The Duchess of Kent's rooms were in an adjacent wing; spacious rooms enough, and only looking the more habitable and comfortable for the moderate height of the ceilings. In a room with three windows on one side, looking out on the private grounds, the Queen was born. It was thinking of it and its occupants that the warm-hearted, quick-witted Duchess-mother, in Coburg, wrote: "I cannot express how happy I am to know you, dearest, dearest Vickel, safe in your bed, with a little one. … Again a Charlotte—destined, perhaps, to play a great part one day, if a brother is not born to take it out of her hands. The English like queens; and the niece (by marriage) of the ever-lamented, beloved Charlotte, will be most dear to them."

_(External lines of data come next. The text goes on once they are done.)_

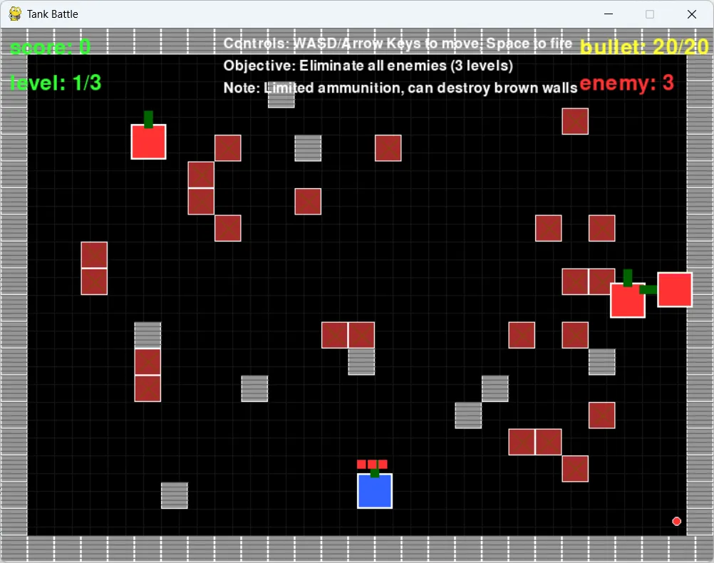 defmove(self,dx,dy,walls):#计算新位置new_x=self.x +dxnew_y=self.y +dy#创建坦克的矩形tank_rect= pygame.Rect(new_x,new_y,self.width,self.height)#检查是否与墙壁碰撞can_move=Trueforwallinwalls:iftank_rect.colliderect(wall.rect)andwall.destructible:can_move=Falsebreak#检查边界ifnew_x<0ornew_x+self.width > WIDTHornew_y<0ornew_y+self.height > HEIGHT:can_move=False#如果可移动,则更新位置ifcan_move:self.x =new_xself.y =new_y#更新方向ifdx>0:self.direction =1elifdx<0:self.direction =3elifdy>0:self.direction =2elifdy<0:self.direction =0defupdate(self,walls):returnifself.cooldown >0:self.cooldown -=1#敌人AIif notself.is_playerandself.alive:#简单AI:随机移动和开火move_choice= random.randint(0,30)self.move(-self.speed,0,walls)self.move(self.speed,0,walls)self.move(0, -self.speed,walls)self.move(0,self.speed,walls)#随机开火ifrandom.random() < ENEMY_FIRE_RATEandself.cooldown ==0:return Nonedeffire(self):return Noneself.cooldown = PLAYER_FIRE_RATEifself.is_playerelse30#根据坦克方向计算子弹起始位置ifself.direction ==0:#上bullet_x=self.x +self.width //2bullet_y=self.ydx,dy=0, -1elifself.direction ==1:#右bullet_x=self.x +self.widthbullet_y=self.y +self.height //2dx,dy=1,0elifself.direction ==2:#下bullet_x=self.x +self.width //2bullet_y=self.y +self.heightdx,dy=0,1else:#左bullet_x=self.xbullet_y=self.y +self.height //2dx,dy= -1,0returnBullet(bullet_x,bullet_y,dx,dy,self.is_player)self.health -=1ifself.health <=0:self.alive =Falsereturn Truereturn Falsedefdraw(self,surface):return#绘制坦克主体tank_rect= pygame.Rect(self.x,self.y,self.width,self.height)pygame.draw.rect(surface,self.color,tank_rect)pygame.draw.rect(surface, WHITE,tank_rect,2)#绘制坦克炮管ifself.direction ==0:#上pygame.draw.rect(surface, DARK_GREEN,(self.x +self.width //2-5,self.y -15,10,20))elifself.direction ==1:#右pygame.draw.rect(surface, DARK_GREEN,(self.x +self.width,self.y +self.height //2-5,20,10))elifself.direction ==2:#下pygame.draw.rect(surface, DARK_GREEN,(self.x +self.width //2-5,self.y +self.height,10,20))else:#左pygame.draw.rect(surface, DARK_GREEN,(self.x -20,self.y +self.height //2-5,20,10))#绘制生命值(仅对玩家)ifself.is_player:foriinrange(self.health):pygame.draw.rect(surface, RED,(self.x +i*12,self.y -15,10,10))def__init__(self,x,y,dx,dy,is_player):self.x =xself.y =yself.dx =dxself.dy =dyself.radius =5self.speed = BULLET_SPEEDself.is_player =is_playerself.color = YELLOWifis_playerelseREDself.alive =Truedefupdate(self):self.x +=self.dx *self.speedself.y +=self.dy *self.speed#检查是否出界if(self.x <0orself.x > WIDTHorself.y <0orself.y > HEIGHT):self.alive =Falsedefdraw(self,surface):pygame.draw.circle(surface,self.color, (int(self.x),int(self.y)),self.radius)pygame.draw.circle(surface, WHITE, (int(self.x),int(self.y)),self.radius,1)returnpygame.Rect(self.x -self.radius,self.y -self.radius,self.radius *2,self.radius *2)def__init__(self,x,y,destructible=True):self.x =xself.y =yself.destructible =destructibleself.color = BROWNifdestructibleelseGRAYself.rect = pygame.Rect(x,y, WALL_SIZE, WALL_SIZE)self.alive =Truedefdraw(self,surface):pygame.draw.rect(surface,self.color,self.rect)pygame.draw.rect(surface, WHITE,self.rect,1)#添加纹理ifself.destructible:pygame.draw.line(surface, (139,69,19),(self.x + WALL_SIZE -5,self.y + WALL_SIZE -5),2)pygame.draw.line(surface, (139,69,19),(self.x + WALL_SIZE -5,self.y +5),(self.x +5,self.y + WALL_SIZE -5),2)#不可破坏的墙壁有网格纹理foriinrange(0, WALL_SIZE,5):pygame.draw.line(surface, (100,100,100),(self.x + WALL_SIZE,self.y +i),1)self.player = Tank(WIDTH //2, HEIGHT -100, BLUE,True)self.score =0self.level =1self.ammo = MAX_AMMOself.game_over =Falseself.game_won =Falseself.enemy_respawn_timer =0self.generate_walls()#创建边界墙forxinrange(0, WIDTH, WALL_SIZE):self.walls.append(Wall(x,0,False))self.walls.append(Wall(x, HEIGHT - WALL_SIZE,False))foryinrange(WALL_SIZE, HEIGHT - WALL_SIZE, WALL_SIZE):self.walls.append(Wall(0,y,False))self.walls.append(Wall(WIDTH - WALL_SIZE,y,False))#创建随机可破坏墙壁for_inrange(30):x= random.randint(3, (WIDTH // WALL_SIZE) -4) * WALL_SIZEy= random.randint(3, (HEIGHT // WALL_SIZE) -4) * WALL_SIZE#确保不在玩家起始位置周围生成墙if(abs(x-self.player.x) >100orabs(y-self.player.y) >100):self.walls.append(Wall(x,y,True))#创建一些不可破坏的障碍物for_inrange(10):x= random.randint(2, (WIDTH // WALL_SIZE) -3) * WALL_SIZEy= random.randint(2, (HEIGHT // WALL_SIZE) -3) * WALL_SIZEif(abs(x-self.player.x) >100orabs(y-self.player.y) >100):self.walls.append(Wall(x,y,False))defspawn_enemies(self,count):x= random.randint(50, WIDTH -50)y= random.randint(50, HEIGHT //2)#确保敌人不与玩家太近if(abs(x-self.player.x) >200orabs(y-self.player.y) >200):breakself.enemies.append(Tank(x,y, RED))foreventinpygame.event.get():ifevent.type == pygame.QUIT:return Falseifevent.type == pygame.KEYDOWN:ifevent.key == pygame.K_ESCAPE:return Falseifself.game_overorself.game_won:ifevent.key == pygame.K_r:self.__init__()#重置游戏elifevent.key == pygame.K_SPACEandself.ammo >0:bullet=self.player.fire()self.bullets.append(bullet)self.ammo -=1if notself.game_overand notself.game_won:keys= pygame.key.get_pressed()dx,dy=0,0ifkeys[pygame.K_LEFT]orkeys[pygame.K_a]:ifkeys[pygame.K_RIGHT]orkeys[pygame.K_d]:ifkeys[pygame.K_UP]orkeys[pygame.K_w]:ifkeys[pygame.K_DOWN]orkeys[pygame.K_s]:#对角线移动速度修正ifdx!=0anddy!=0:dx*=0.7071dy*=0.7071self.player.move(dx,dy,self.walls)return Truedefupdate(self):ifself.game_overorself.game_won:return#更新玩家self.player.update(self.walls)#更新敌人forenemyinself.enemies[:]:bullet=enemy.update(self.walls)self.bullets.append(bullet)#更新子弹forbulletinself.bullets[:]:#检查子弹是否击中墙壁forwallinself.walls[:]:ifwall.aliveandbullet.get_rect().colliderect(wall.rect):bullet.alive =Falseifwall.destructible:wall.alive =Falseself.walls.remove(wall)break#检查子弹是否击中玩家if notbullet.is
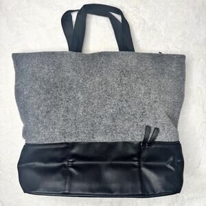 DSW Gray and Black Felt Zip Top Shoe Compartment Lightweight Travel Bag Tote
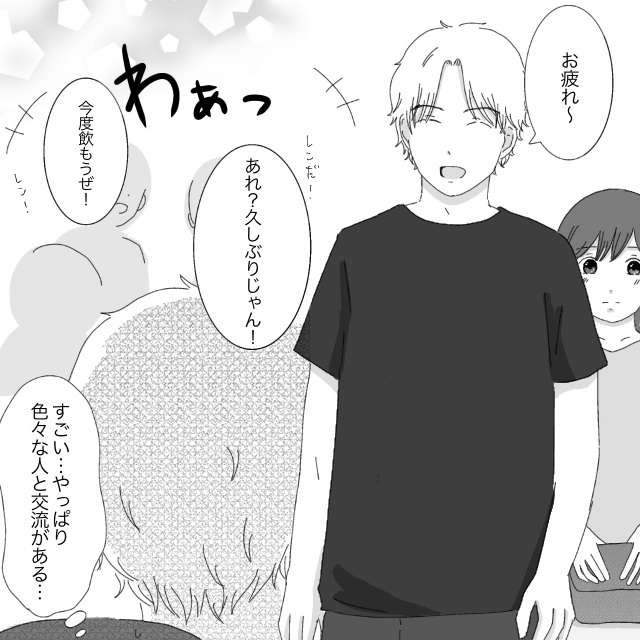 彼が「お疲れ~」と体育館に入ると、「あれ?久しぶりじゃん!」「レン!今度飲もうぜ!」とあちこちから声がかかります。「すごい・・・やっぱり色々な人と交流がある・・・」と改めて彼の交流の広さに感心。
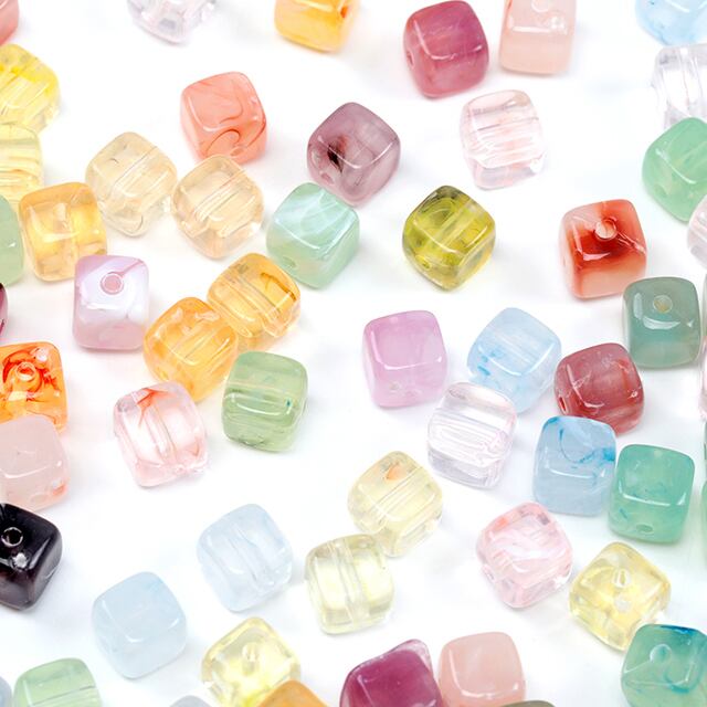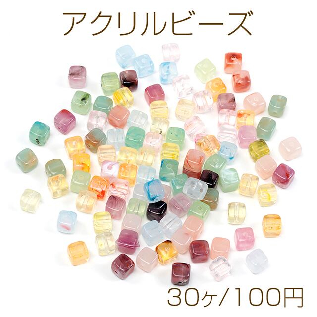 A766 アクリルビーズ 長方形 カラーミックス 穴あり 約7×7mm(ランダム30ヶ) | Beads&parts BASE2号店
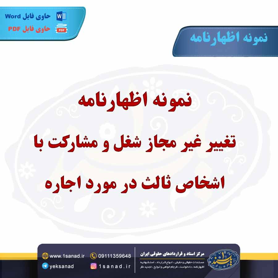 اظهارنامه تغییر غیر مجاز شغل و مشارکت به معنای گزارش و اعلام تغییرات غیرمجاز در وضعیت شغلی یا مشارکت فرد در یک فعالیت اقتصادی است. این تغییرات ممکن است شامل تغییر شغل، اضافه کردن یا حذف شریکها یا هرگونه فعالیتی باشد که بدون اطلاع یا تایید نهادهای نظارتی و قانونی صورت گرفته باشد. این نوع تغییرات میتواند شامل مواردی همچون اشتغال در شغلی غیرمجاز، تغییرات در مشارکت تجاری بدون ثبت رسمی یا فعالیتهای مشابه باشد. در صورت عدم رعایت قوانین مربوطه، مسئولین ممکن است برای فرد جریمههای مالی یا دیگر اقدامات قانونی در نظر بگیرند. این اظهارنامه برای جلوگیری از تخلفات اقتصادی و شفافیت در فعالیتهای تجاری مورد استفاده قرار میگیرد.هم اینک می توانید این سند دادخواست را جهت تنظیم موضوع مدنظر خود در قالب فایل Word و PDF پس از پرداخت آنلاین به صورت آنی دانلود نمایید.

In another wide, low room, with white pillars, some eighteen years later, the baby Princess, become a maiden Queen, held her first Council, surrounded by kindred who had stood at her font—hoary heads wise in statecraft, great prelates, great lawyers, a great soldier, and she an innocent girl at their head. No relic could leave such an impression as this room, with its wonderfully pathetic scene. But, indeed, there are few other traces of the life that budded into dawning womanhood here, which will be always linked with the memories of Kensington Palace. An upper room, sunny and cheerful, even on a winter's day, having a pleasant view out on the open gardens, with their straight walks and great pond, where a child might forget sometimes that she had lessons to learn, was a princess's school-room. Here the good Baroness who played the part of governess so sagaciously and faithfully may have slipped into the book of history the genealogical table which was to tell so startling a tale. In another room is a quaint little doll's-house, with the different rooms, which an active-minded child loved to arrange. The small frying-pans and plates still hang above the kitchen dresser; the cook stands unwearied by the range; the chairs are placed round the tables; the tiny tea-service, which tiny fingers delighted to handle, is set out ready for company. But the owner has long done with make-believes, has worked in earnest, discharged great tasks, and borne the burden and heat of the day, in reigning over a great empire.